Screeching Weasel

First World Manifesto

Written by: PP on 22/03/2011 06:19:24

Perhaps one of the most iconic pop punk bands of the previous generation, Screeching Weasel are much cherished by the older generation for the wealth of classic albums and seminal tracks they released throughout the 90s. They released eleven albums worth of songs that influenced dozens upon dozens of bands you probably listen to today from the newer generation of bands in the genre. It has been eleven long years since the last Weasel release, so if should you not be familiar with the bands output other than the infamous "Cool Kids" song, you'll be forgiven. But not if you won't check out their twelfth studio album "First World Manifesto", a glorious reminder of what pop punk used to sound like before the likes of All Time Low, Hit The Lights, Fall Out Boy (etc) poisoned it with an overload on pop at all fronts, musical and image-wise. That's not to imply they aren't good bands in their own right, just that they changed the face of pop punk forever.

You see image, trends and fads are probably the last thing that come to mind when listening to a Screeching Weasel record. There's simply no space nor need for such artificial ways to inflate your bands fame when almost every song they write fits the definition of pop punk brilliance. Their music is best characterized by great, fun melodies that are as infectiously catchy as they are high tempo, all the while keeping feet firmly grounded. The music is wholly un-pretentious and un-polished, though not in the raw sense, merely without production gimmicks or vibes of grandeur songwriting. By that description, the songs should fall within rather ordinary melodic punk, but with Ben Weasel's snotty, no-frills vocal approach and irresistible choruses, they are elevated to a much higher level.
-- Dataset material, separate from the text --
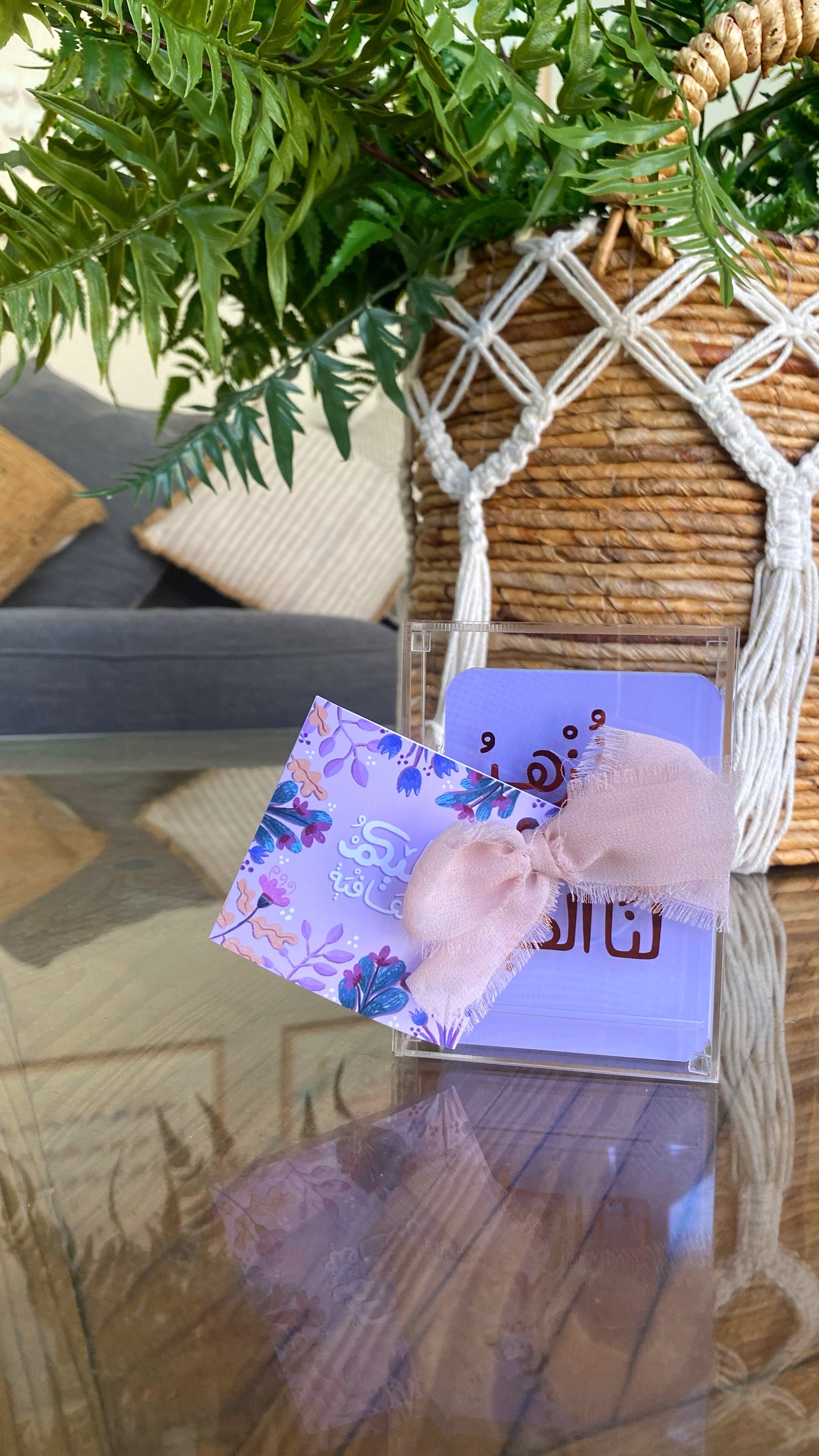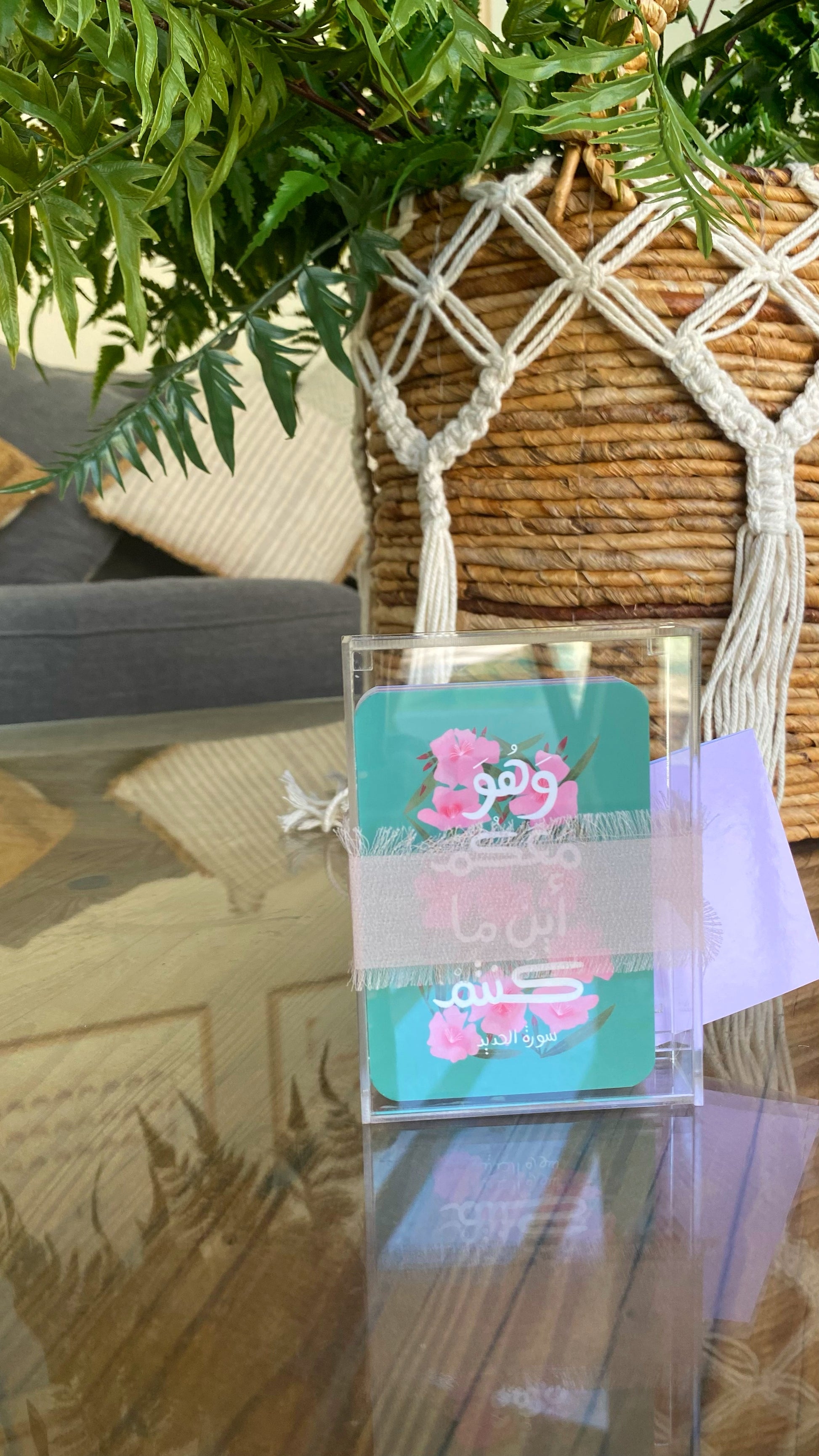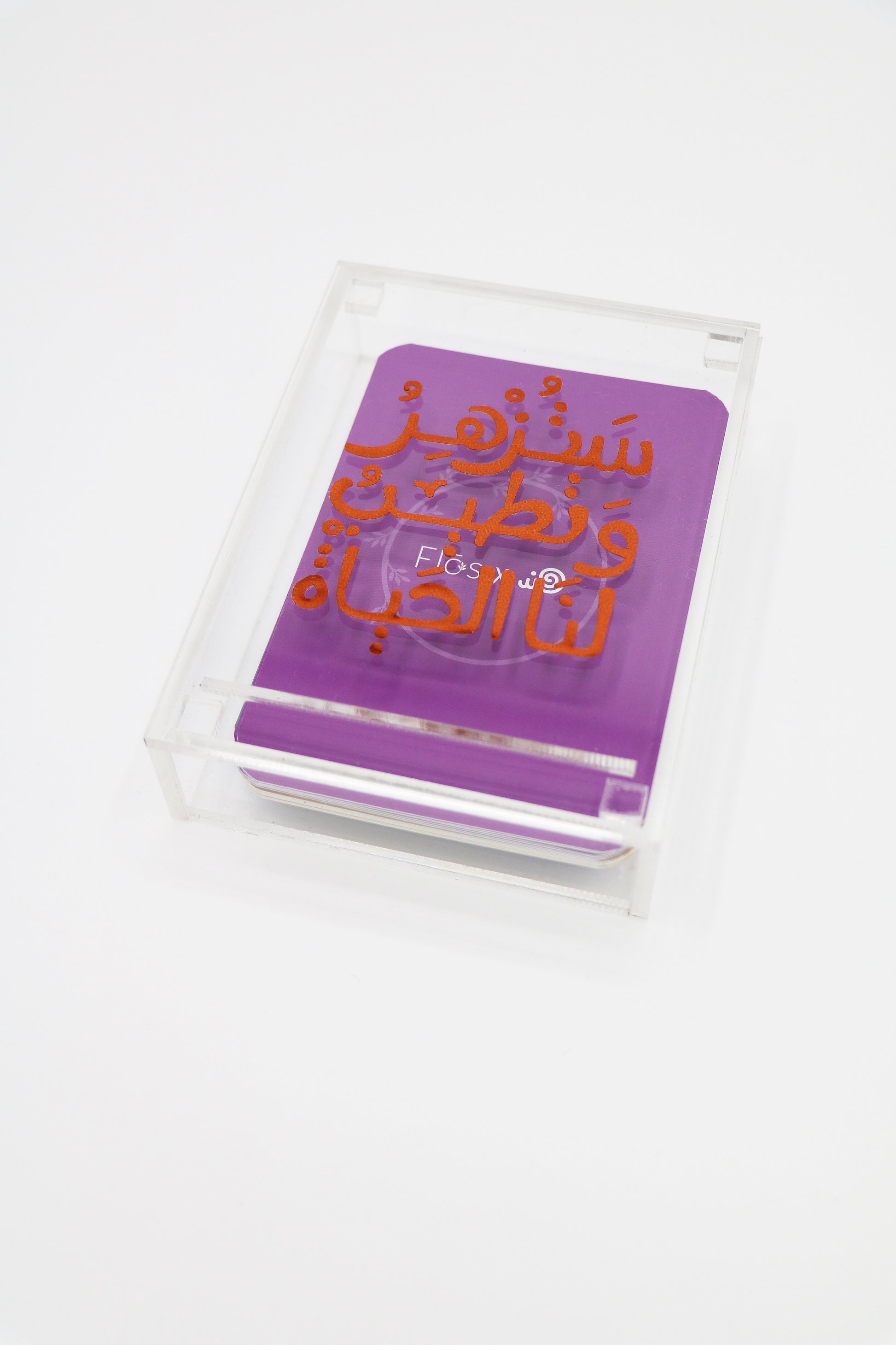 صندوق من الاكريليك الشفاف يتوسطه ملصق لامع "ستزهر وتطيب لنا الحياة"، يحتوي على 30 بطاقة ملونة مستوحاة من الورود المحلية الجميلة، في كل بطاقة آية قرآنية.

The term 'enjoyable' is one you associate throughout any Weasel album, including "First World Manifesto". Listening to a song like "Friday Night Nation" will take you straight back to classic mid 90s distorted guitars that have been left sounding clean and vivid, almost certainly reminding you of classic Mxpx material to whom Weasel was a huge influence. It's a throwback to the days when pop punk was an integral part of the punk movement, and the pop part was used just to describe how the songs were catchier than the melodic hardcore and melodic punk bands, not to associate the band with mainstream culture. "Baby Talk", another highlight on the record, is as good as 90s styled pop punk gets with a fantastically simple but memorable chorus, whereas "Fortune Cookie" will remind you of early Green Day material. A track like "Beginningless Vacation" is basically the starting point for bands like Banner Pilot and Teenage Bottlerocket, both groups that pride themselves for a no-frill, straightforward melodic punk approach with great melodies.
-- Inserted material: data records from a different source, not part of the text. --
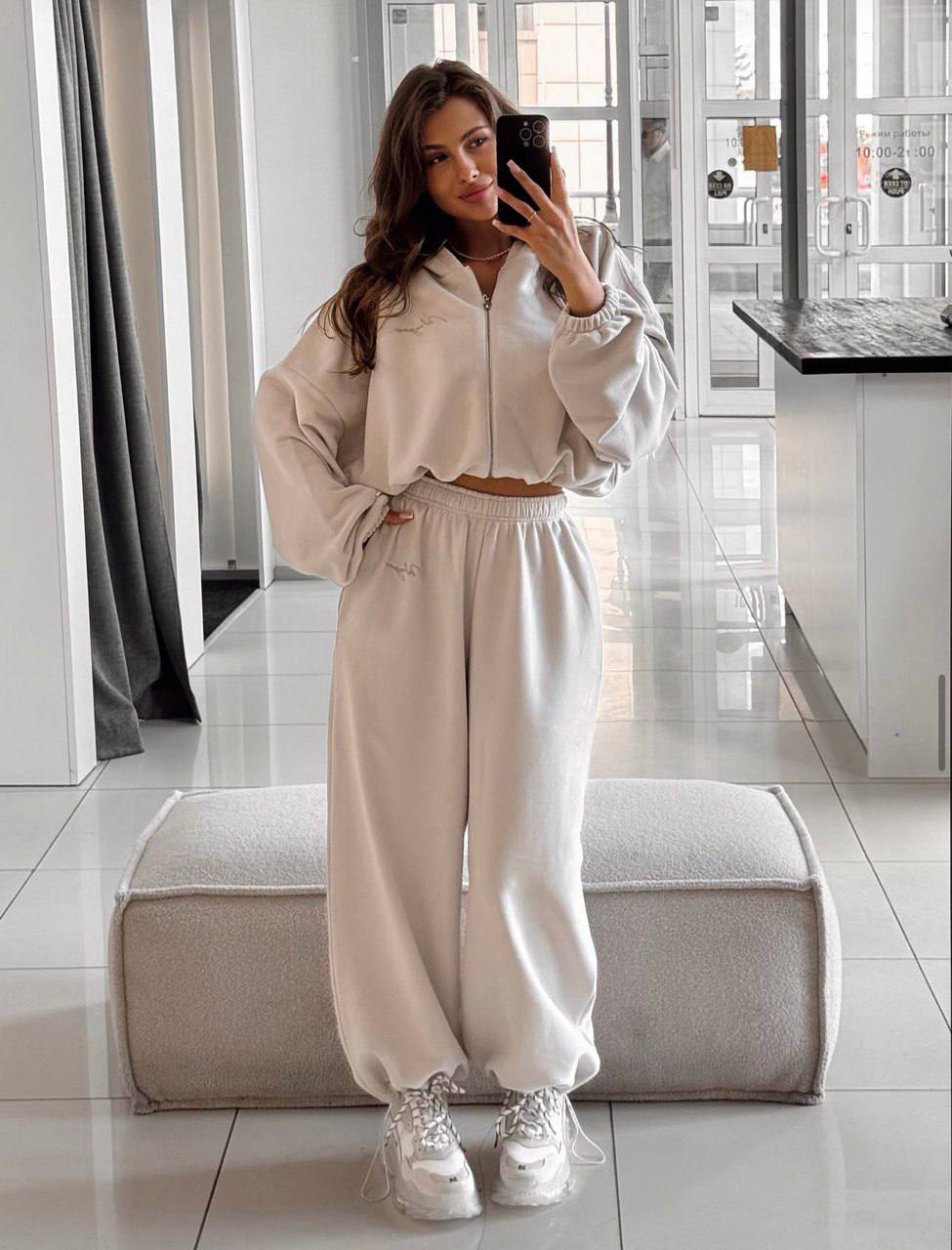 ▪️Тканина: Турецька тринить «Пенье»на мʼякому флісі, вишивка, є утяжки на кофті та на штанах, подвійний капюшон
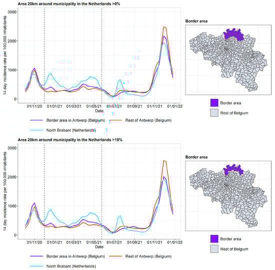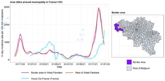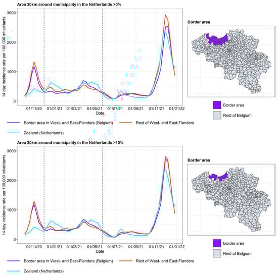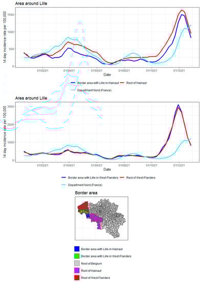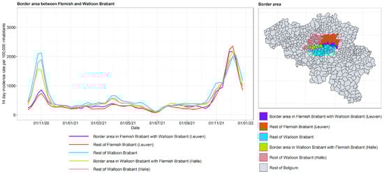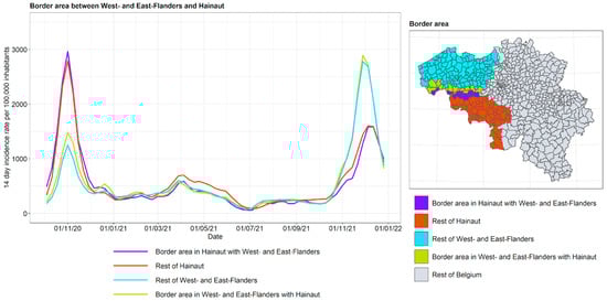 The goal of this paper is to examine the incidence curves in Belgium’s border areas and contrast these with the corresponding curves in the neighboring areas across the border, as well as in Belgium. It is hypothesized that the relationship between the incidence curves in the border areas and the incidence curves across the border depend on the social and economic ties, the urbanization level of the area, and the health measures that were in place in both Belgium and the neighboring countries throughout the pandemic. This would imply that, even when included in international travel restrictions, transborder mobility affects incidence in border areas. Similarly, the incidence curves relating to intranational regional and community borders are analyzed. It is hypothesized that weak mobility leads to a clear distinction in incidence curves between both sides of these borders, at certain times during the pandemic (autumn 2020, autumn 2021, and winter–spring 2022), when the corresponding national curves differed considerably. The study is limited to the period October 2020 to December 2021. During the first wave of the pandemic, the test capacities were limited, and the reported incidences were not representative of the true incidences. This period is therefore excluded from the analysis. In addition, the first part of 2022, with many European countries reporting the highest incidences so far, is not included in this paper. Studying the different health measures and their relationship to the incidence curves in Belgium and its neighboring countries during this period is a topic for further research.
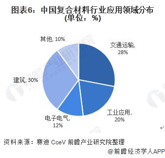 目前,复合材料技术在不断进步,但下游场景的需求未发生重大改变,结合中国玻璃纤维行业下游应用占比、玻璃纤维行业占复合材料行业比例、碳纤维应用行业占比和碳纤维占复合材料行业比例情况,复合材料应用领域的建筑占比约为30%;交通运输占比28%,其中航天航空领域占比约为70%,占主导地位;工业应用占比20%。
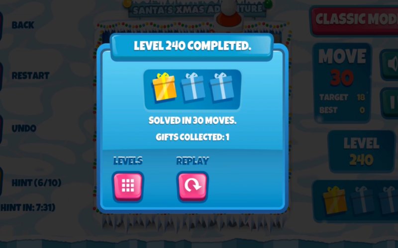 Help Santa find his lost gifts in this fun family puzzle game! Slide tiles to form his path through 720 challenging levels across three modes. Use hints if you get stuck on this deceptively tricky adventure.
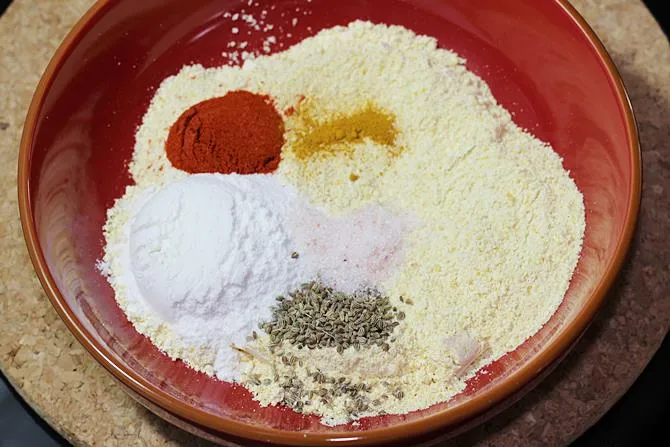 Gia vị: Garam masala, nghệ và bột ớt đỏ là những loại gia vị dùng để làm nhân khoai tây. Đối với bột bánh, hạt carom (ajwain) được sử dụng tương tự như các công thức pakora khác. Bạn có thể điều chỉnh tất cả các loại gia vị này cho phù hợp với khẩu vị của mình.
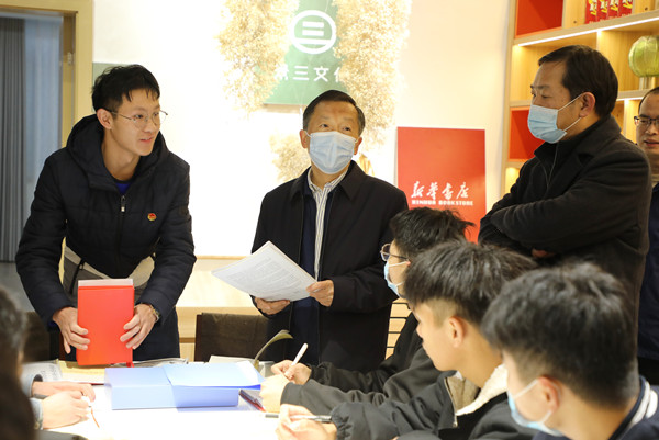 蔡静峰一行实地走访察看了开云官网倍阅书店、北区食堂、心理健康教育与咨询中心、艺术设计学院(绿松石产业学院)、大学生创新创业基地等场所,深入了解开云官网思政文化育人阵地建设、心理育人工作、党史学习教育和“我为师生办实事”项目以及学校服务地方经济社会发展等情况。

It's easy to blubber on and on about "First World Manifesto", but really the only thing you need to know is this: "First World Manifesto" is every bit as good as the classic Weasel albums. They've stuck to the same formula for ages, but that's good because Screeching Weasel isn't just a classic example of "don't fix it if it isn't broken", they're more like "don't-you-dare-change-anything" kind of band to most people.

8

Download: Friday Night Nation, Baby Talk, Beginningless Vacation
For the fans of: Mxpx, The 20Belows, Teenage Bottlerocket
Listen: Myspace

Release date 15.03.2011
Fat Wreck Chords

Related Items | How we score?
Comments
comments powered by Disqus

Legal

© Copyright MMXXIV Rockfreaks.net.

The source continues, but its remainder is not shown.